▶ TASK TO CARRY OUT
Print all the data that follows exactly, images excluded.

▶ SUPPLIED INFORMATION
▼

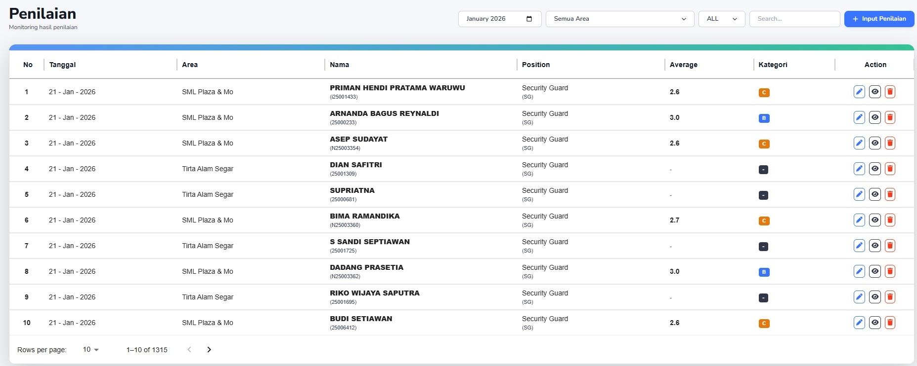 Sudah berapa orang yang dinilai dibanding total Security di area tersebut
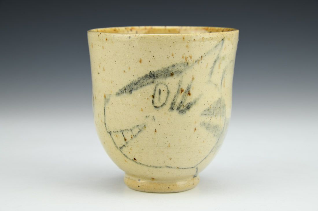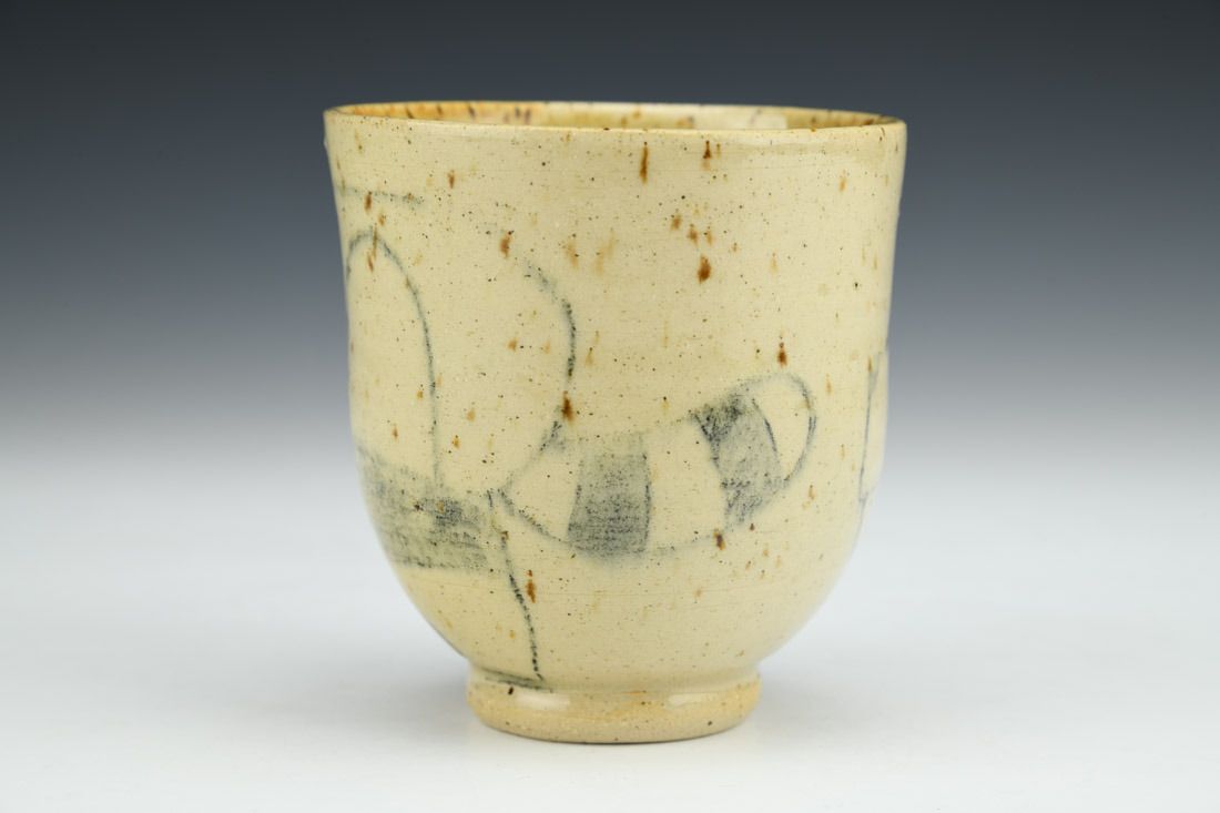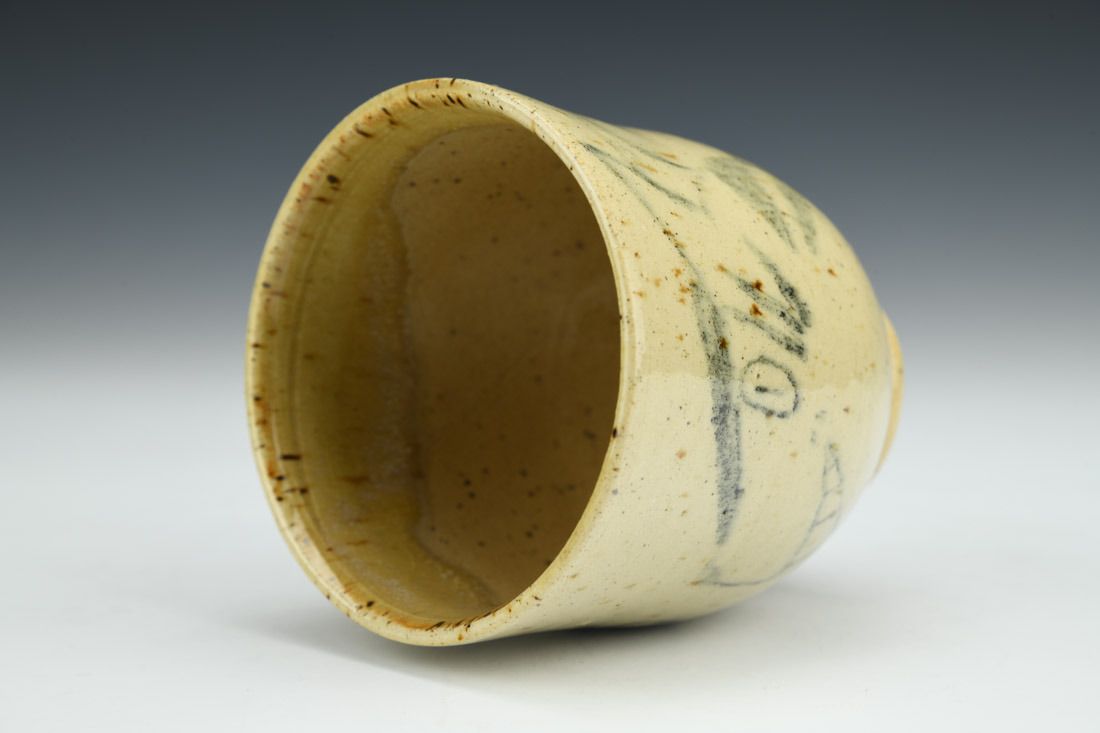 Speckled stoneware, wheel thrown, handrawn, underglaze pencil, cone 6 electric fired, 3.5 x 3.5 x 3.5 inches.
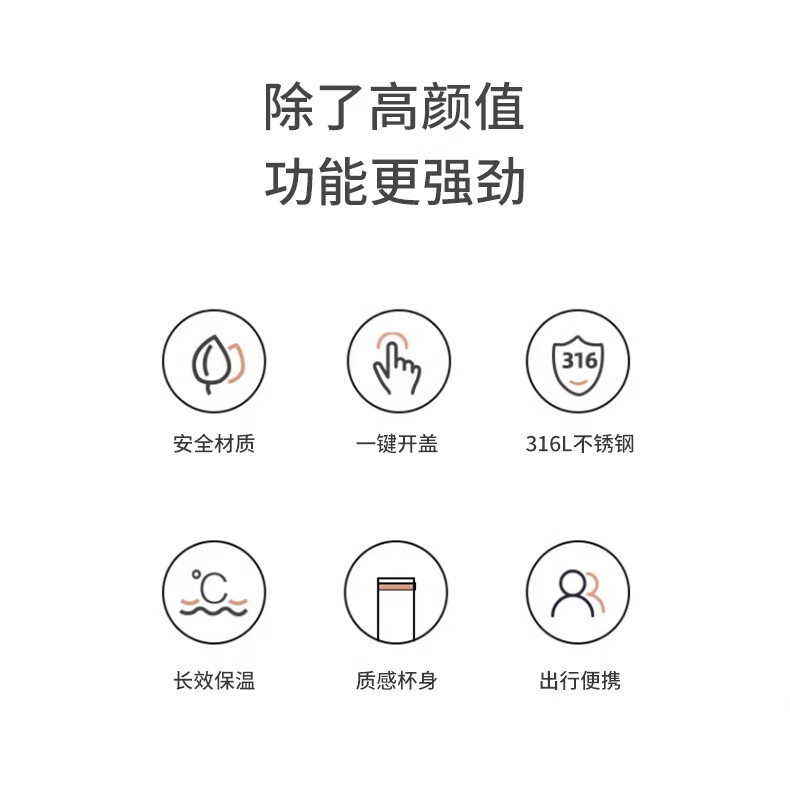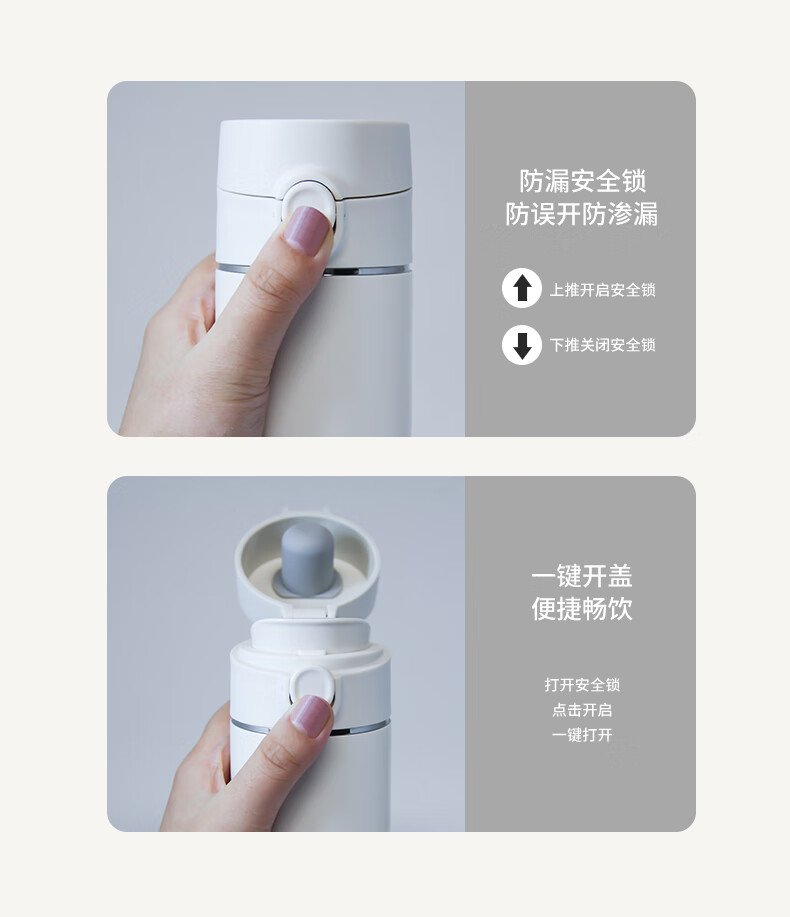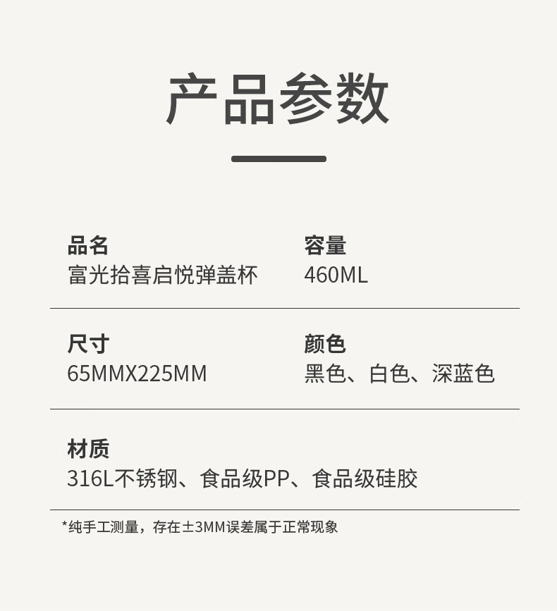 · 采用食品级PP、食品级硅胶,健康卫生,安全饮用;· 杯身圆润,弧度精准;光滑杯口,饮水更舒适。;· 一键弹盖,出水流畅。

▲

▶ ANSWER TO THIS EXERCISE
 Sudah berapa orang yang dinilai dibanding total Security di area tersebut
 Speckled stoneware, wheel thrown, handrawn, underglaze pencil, cone 6 electric fired, 3.5 x 3.5 x 3.5 inches.
 · 采用食品级PP、食品级硅胶,健康卫生,安全饮用;· 杯身圆润,弧度精准;光滑杯口,饮水更舒适。;· 一键弹盖,出水流畅。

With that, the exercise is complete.